Today: Thursday, November 21, 2019
 
 

A Meal Shared    (3/12/2017 )



It was a gargantuan spread!  The table groaned under the weight of food and decorations.  There were gold dishes, silver candle sticks, bowls of fruit, flowers, meats, soups, cakes, trifles, sauces, salads, drinks, and all the cutlery and plates needed to deal with so much abundance.

It was a lord’s table, spread to impress his guests, enough to overwhelm them with a sense of his wealth and power.

Not many of us ever get to sit at such a table, and not many of us would feel comfortable faced with so much excess.

And what a contrast to think of the meal that Jesus served to his friends the night before his death!  We don’t know exactly what was on the table that Thursday evening, but we do know that there was some bread and some wine.  It was a simple meal, not lavish, but the sort of meal you might find in any other simple home then or now. 

Right from the beginning of Christian history, that simple but special meal has been symbolised by the two ‘vessels’ used - a plate and a cup.  They symbolise the food that is broken and shared for all to eat, and the drink that is poured out for all to share and drink.  They symbolise the gift of hospitality and fellowship when food is prepared and then taken together.

Jesus himself spoke of these two things as representing himself - “This is my body.  This is my blood.”  Ever since then, whenever Christians have met they have shared bread and wine at a table to remember that link with Jesus’ death - his body broken for us and his blood spilt for us.  This has been the focus of Christian worship through the ages, seeing God’s actions in providing nourishment, forgiveness and a welcome to his table and company.

This meal is not about opulence and indulgence, but about sacrifice and love.  It doesn’t focus on our stomachs or taste buds, but on our relationship with God and with each other.  It is food and drink not for one mealtime, but to satisfy continually our deepest needs and longing.

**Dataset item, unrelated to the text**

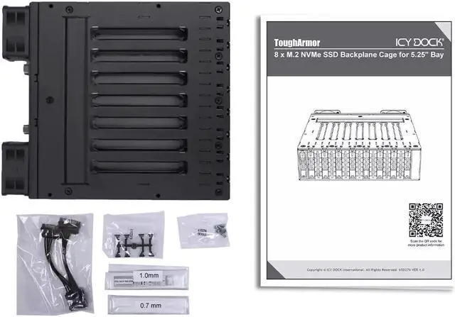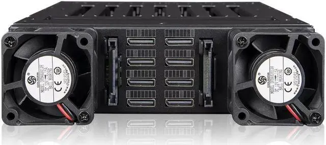 | Features | Supports 8 x PCIe M.2 NVMe SSDs of all lengths - 30mm (2230), 42mm (2242), 60mm (2260), 80mm (2280), and 110mm (22110) Installs into 1 x standard external 5.25" optical drive bay Uses 8 x OCuLink (SFF - 8612) to connect, pin-out defined by SFF - 9402 Rev 1.1 Supports PCIe 4.0 specifications with transfer rates up to 64Gbps per drive bay Powers 8 x M.2 SSDs through 2 x 15 - pin SATA power connectors Ruggedized full - metal enclosure meeting flammability requirements Equipped with high-performance dual 40 x 20mm cooling fans Removable drive tray with tool - less drive installation for easy drive maintenance Huge heatsink trays with thermal pads included dispersing heat from the drive Anti-Vibration Technology - Creates a safe environment for SSDs Active Power Technology - Saves power by shutting off the enclosure when no drive is installed EMI Grounding - Protects SSDs from electrical damage Drive ID plugs are included to keep track of your drives The Eagle - hook tray latch securely holds the tray inside the enclosure Supports SATA power cables with locking latch design 2 x SATA 15pin power extension cable are included |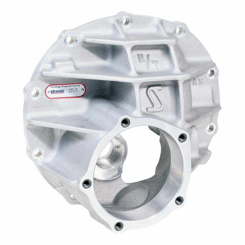Swap out your iron case for weight savings and added strength! You can save 20 lbs. of ugly weight with Strange 9 in. aluminum cases. Machined from high-tensile aluminum alloy, they're actually stronger than standard Ford iron cases. They come with billet aluminum bearing caps. A word of caution--because aluminum is less rigid than cast iron, ring and pinion gear life will be less than with nodular iron cases due to case deflection.

At the heart of the Christian message is not a requirement that we do anything special or are anyone special, only that we hear and respond to Jesus’ invitation to come and join him at his table. It may be easier to picture him coming into our own home and sitting down for a meal with us, and then realising that it is we who are the guests and that he is the host.  “Come to me,” he says - “Come and eat.”





Think:  

Heaven is sometimes pictured as a great banquet, but that is clearly not about greed or opulence, but a picture of the riches of God, the glory of God, and the reality that God does and will meet our deepest needs with plenty and joyfulness.